- **Work to be completed**
Search the material for the string "green", then return every line where it is found.

- **Given records**
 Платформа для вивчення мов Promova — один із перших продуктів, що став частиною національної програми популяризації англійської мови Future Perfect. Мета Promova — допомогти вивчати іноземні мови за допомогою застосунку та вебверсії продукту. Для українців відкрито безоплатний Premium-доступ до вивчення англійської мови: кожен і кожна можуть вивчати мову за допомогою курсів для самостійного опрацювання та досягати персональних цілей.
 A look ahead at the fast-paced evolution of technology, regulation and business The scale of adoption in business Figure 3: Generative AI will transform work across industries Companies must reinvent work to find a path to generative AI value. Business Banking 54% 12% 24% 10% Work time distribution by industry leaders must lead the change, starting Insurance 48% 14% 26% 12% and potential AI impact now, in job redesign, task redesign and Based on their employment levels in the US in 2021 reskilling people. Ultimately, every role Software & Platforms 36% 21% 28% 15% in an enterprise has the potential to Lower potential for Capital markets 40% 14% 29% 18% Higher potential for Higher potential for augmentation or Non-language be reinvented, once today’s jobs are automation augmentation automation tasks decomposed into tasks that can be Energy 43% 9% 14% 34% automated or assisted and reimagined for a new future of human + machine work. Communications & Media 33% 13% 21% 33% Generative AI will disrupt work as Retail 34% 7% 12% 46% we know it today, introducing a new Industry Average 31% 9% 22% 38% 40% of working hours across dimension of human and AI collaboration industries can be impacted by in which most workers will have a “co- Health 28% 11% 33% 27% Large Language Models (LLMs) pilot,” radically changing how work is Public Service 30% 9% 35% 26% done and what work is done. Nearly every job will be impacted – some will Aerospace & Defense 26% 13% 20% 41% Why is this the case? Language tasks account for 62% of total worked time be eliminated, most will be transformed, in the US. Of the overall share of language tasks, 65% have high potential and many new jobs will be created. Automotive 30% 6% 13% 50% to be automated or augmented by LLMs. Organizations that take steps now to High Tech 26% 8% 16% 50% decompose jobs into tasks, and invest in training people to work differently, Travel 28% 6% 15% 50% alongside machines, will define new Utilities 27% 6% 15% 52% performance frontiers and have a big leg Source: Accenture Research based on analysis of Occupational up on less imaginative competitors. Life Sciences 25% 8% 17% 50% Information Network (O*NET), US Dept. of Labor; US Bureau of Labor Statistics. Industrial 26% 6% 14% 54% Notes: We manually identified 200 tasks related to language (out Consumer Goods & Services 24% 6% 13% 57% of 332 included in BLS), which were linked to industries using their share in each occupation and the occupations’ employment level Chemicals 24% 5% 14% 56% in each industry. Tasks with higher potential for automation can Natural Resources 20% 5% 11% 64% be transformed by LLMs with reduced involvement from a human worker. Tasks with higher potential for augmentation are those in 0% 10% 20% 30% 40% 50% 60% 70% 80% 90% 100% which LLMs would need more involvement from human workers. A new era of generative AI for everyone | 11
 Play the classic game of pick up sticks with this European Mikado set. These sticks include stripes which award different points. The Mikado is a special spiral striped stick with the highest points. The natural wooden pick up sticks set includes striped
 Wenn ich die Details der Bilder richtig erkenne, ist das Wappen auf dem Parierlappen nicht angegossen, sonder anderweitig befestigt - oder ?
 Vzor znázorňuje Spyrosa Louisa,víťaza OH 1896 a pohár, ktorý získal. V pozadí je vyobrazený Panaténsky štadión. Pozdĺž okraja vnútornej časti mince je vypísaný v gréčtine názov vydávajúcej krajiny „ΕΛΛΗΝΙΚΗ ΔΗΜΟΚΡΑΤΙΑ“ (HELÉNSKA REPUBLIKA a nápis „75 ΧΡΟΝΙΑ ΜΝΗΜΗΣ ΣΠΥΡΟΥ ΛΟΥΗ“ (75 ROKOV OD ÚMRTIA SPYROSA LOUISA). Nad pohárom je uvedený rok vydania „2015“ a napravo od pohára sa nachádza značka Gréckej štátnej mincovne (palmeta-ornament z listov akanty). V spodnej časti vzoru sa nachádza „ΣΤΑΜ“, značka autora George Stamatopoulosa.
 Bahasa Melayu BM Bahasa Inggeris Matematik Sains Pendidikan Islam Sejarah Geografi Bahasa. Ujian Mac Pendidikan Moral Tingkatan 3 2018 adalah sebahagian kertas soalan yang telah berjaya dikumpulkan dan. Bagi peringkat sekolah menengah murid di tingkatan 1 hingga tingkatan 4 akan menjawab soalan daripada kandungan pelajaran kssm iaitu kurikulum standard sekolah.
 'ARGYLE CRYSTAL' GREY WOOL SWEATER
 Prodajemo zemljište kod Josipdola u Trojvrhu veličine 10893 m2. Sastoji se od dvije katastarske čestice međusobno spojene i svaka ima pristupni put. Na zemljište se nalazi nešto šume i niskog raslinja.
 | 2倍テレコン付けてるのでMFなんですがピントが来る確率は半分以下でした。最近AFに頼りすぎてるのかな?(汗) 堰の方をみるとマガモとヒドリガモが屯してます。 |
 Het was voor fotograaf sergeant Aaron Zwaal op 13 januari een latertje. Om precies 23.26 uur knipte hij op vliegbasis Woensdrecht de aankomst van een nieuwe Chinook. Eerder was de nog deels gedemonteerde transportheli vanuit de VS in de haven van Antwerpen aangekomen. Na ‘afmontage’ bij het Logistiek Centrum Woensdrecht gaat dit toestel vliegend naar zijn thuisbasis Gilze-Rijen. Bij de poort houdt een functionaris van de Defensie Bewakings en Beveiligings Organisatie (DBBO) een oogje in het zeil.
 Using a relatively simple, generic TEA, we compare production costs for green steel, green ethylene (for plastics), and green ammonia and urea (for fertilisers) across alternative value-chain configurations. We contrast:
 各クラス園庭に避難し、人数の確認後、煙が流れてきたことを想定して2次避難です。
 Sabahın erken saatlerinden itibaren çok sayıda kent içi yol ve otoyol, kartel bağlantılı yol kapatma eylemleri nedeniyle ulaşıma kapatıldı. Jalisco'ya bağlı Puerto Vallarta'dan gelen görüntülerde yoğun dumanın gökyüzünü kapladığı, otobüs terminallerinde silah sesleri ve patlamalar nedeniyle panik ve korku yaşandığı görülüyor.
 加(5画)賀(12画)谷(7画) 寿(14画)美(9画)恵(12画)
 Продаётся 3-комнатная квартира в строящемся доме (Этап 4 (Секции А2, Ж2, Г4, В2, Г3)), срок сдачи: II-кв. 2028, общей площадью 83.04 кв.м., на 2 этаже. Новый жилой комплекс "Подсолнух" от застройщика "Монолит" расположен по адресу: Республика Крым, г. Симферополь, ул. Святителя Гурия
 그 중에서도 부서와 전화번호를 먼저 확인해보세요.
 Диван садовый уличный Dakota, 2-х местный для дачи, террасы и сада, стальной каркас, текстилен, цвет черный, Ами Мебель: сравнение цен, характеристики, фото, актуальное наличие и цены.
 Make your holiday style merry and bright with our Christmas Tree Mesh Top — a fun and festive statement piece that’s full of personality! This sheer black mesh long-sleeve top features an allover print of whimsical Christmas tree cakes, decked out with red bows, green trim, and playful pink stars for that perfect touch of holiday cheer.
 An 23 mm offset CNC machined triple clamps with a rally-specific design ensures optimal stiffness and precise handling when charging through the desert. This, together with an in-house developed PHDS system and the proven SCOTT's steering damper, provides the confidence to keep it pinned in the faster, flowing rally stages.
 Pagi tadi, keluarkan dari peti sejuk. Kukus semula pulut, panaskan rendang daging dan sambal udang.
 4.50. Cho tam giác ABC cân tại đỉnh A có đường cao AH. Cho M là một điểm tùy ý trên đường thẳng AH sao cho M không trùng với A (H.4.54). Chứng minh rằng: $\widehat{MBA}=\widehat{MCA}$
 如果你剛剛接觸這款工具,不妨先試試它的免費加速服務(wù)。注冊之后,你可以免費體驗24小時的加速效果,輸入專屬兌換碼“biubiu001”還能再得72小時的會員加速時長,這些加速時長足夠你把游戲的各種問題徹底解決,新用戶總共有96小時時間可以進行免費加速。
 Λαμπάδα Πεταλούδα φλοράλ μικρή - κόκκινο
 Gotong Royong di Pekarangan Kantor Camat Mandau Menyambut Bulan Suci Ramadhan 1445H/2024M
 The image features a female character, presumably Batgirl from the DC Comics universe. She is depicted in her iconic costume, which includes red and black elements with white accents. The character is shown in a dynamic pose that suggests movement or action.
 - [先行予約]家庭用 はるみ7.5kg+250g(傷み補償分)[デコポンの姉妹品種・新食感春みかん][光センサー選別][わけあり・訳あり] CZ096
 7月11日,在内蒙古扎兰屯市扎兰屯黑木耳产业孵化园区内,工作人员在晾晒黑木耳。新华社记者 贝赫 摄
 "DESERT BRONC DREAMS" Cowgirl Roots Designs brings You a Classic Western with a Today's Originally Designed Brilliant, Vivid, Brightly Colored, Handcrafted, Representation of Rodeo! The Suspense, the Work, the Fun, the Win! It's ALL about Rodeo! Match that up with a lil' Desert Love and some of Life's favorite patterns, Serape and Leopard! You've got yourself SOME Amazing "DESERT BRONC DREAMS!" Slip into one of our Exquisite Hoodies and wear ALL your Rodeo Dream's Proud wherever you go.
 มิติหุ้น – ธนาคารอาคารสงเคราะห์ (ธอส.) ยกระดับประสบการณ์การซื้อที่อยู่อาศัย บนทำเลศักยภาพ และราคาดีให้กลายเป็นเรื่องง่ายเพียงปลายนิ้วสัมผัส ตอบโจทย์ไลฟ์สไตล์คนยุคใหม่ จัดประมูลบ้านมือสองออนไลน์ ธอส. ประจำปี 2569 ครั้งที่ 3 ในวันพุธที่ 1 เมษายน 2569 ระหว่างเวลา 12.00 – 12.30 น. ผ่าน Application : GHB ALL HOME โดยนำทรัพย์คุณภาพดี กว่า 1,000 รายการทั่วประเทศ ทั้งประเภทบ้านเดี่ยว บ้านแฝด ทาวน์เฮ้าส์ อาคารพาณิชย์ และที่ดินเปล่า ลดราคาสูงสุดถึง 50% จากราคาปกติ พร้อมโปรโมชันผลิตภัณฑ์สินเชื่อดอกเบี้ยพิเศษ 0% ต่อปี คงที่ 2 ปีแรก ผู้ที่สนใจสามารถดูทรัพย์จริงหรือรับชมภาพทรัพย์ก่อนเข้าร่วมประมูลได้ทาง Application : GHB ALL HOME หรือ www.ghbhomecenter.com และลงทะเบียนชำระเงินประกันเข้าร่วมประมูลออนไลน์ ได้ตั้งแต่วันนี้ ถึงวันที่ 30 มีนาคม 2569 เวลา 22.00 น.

- **Written response**
 Using a relatively simple, generic TEA, we compare production costs for green steel, green ethylene (for plastics), and green ammonia and urea (for fertilisers) across alternative value-chain configurations. We contrast:
 Make your holiday style merry and bright with our Christmas Tree Mesh Top — a fun and festive statement piece that’s full of personality! This sheer black mesh long-sleeve top features an allover print of whimsical Christmas tree cakes, decked out with red bows, green trim, and playful pink stars for that perfect touch of holiday cheer.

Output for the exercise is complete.